Let's Praise FDA for What is Going Well!
FDA is caught in an existential “Catch-22:” it never draws attention when it is doing things well, only when something goes awry. This is an old story, but I have not seen it discussed again recently.What brings it to mind is the juxtaposition this week: a supposedly bad news story about two new GAO reports on FDA (really not so bad); and a hopefully good news story about FDA’s commitment to developing “real world evidence” as a complement to evidence derived from randomized clinical trials.The GAO reports need to be seen in context. GAO is in the fault-finding business. A report from them that says: “x can be done better,” is an every-day event for one federal agency or another. This week it’s FDA’s turn. Although interpreted by some as evidence of FDA’s failures as an agency, in fact the reports are useful, but not a big deal. According to Inside Health Policy,
FDA Commissioner Robert Califf acknowledged the agency's strategic planning could have been better in the wake of a critical GAO report on the issue.
So, the agency plans to improve its process and do better. Let’s hope that’s the end of it.Besides, how representative is this GAO-inspired image of FDA as locked into “business as usual,” and not open to strategically planning the future of its medical product centers in a coordinated fashion? I thought the rebuttal was immediately evident in FDA’s participation and openness in the Friends of Cancer Research-sponsored symposium on real world evidence. Given that no federal agency (not even NIH) is more solidly committed to evidence generated by the gold standard of randomized clinical trials, this was the FDA’s acknowledgement that it must confront the future rather than be brought begrudgingly into it. More on the real world evidence concept can be found here.

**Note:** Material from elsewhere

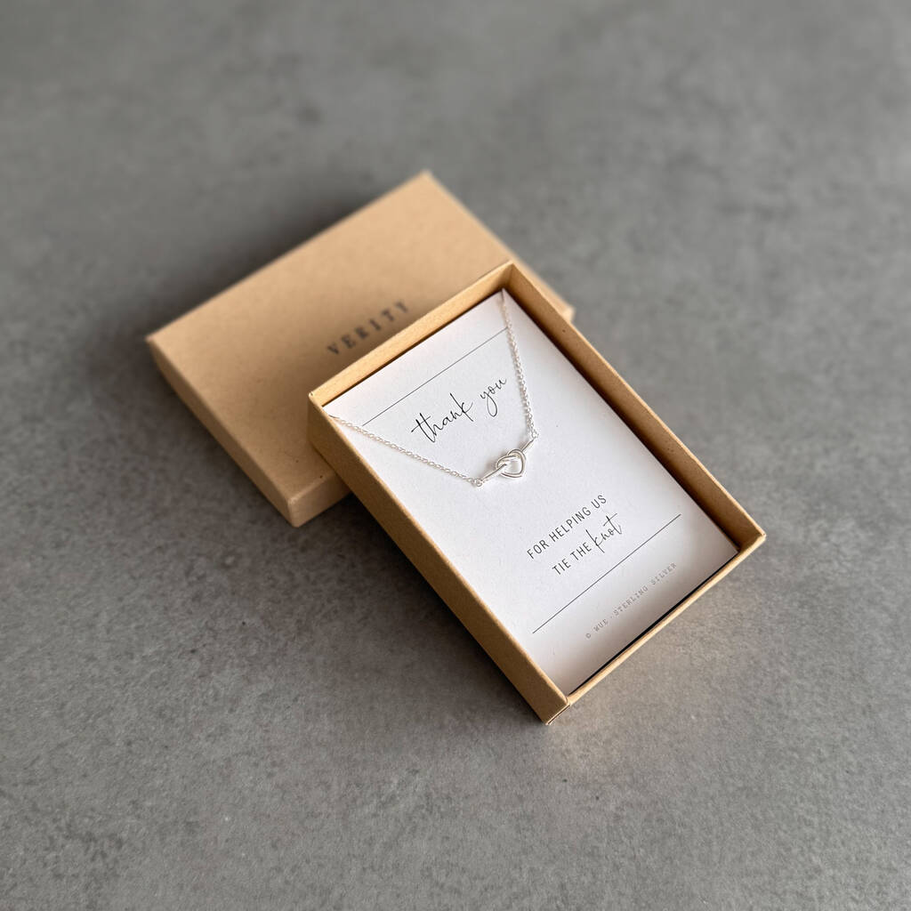 • Thank You Heart Knot Necklace – Bridesmaid Or Wedding Party Gift, thumbnail 12 of 12

This is not a matter of FDA, right or wrong. With a mission as complicated and far-reaching as the agency’s, it is inevitable that some things will go wrong. Sometimes that will be by happenstance, other times by bad planning, and still other times by outside events over which the agency has no control. Compared to other government agencies, I think FDA is more forthright than most when there are poor outcomes.

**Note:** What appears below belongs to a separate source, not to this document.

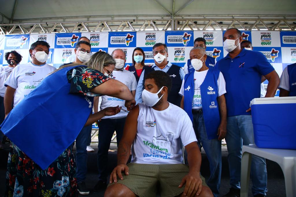 Alcântara é a primeira cidade do país a atingir a totalidade da vacinação de sua população adulta contra a Covid-19. Para comemorar o alcance, evento foi realizado no município, nesta quarta-feira (16), na Praça da Matriz. Na ocasião, o governador Flávio Dino parabenizou os esforços dos profissionais da saúde e da população. O Maranhão já se destacava entre os estados com melhor desempenho no combate à Covid-19, e agora, Alcântara possui o melhor índice de vacinação do país. Foram cerca de 15 mil pessoas imunizadas com a primeira dose no município.

All I think we can ask for (and contribute to) is a policymaker and public perception that FDA is also doing an enormous number of things really well. Even some incredibly complex tasks (making 80% of the food supply safe; balancing risks and benefits with new medical products) are accomplished successfully with very little fanfare. When we talk of FDA, let’s be sure that we point to the many things that are going right and therefore less visible.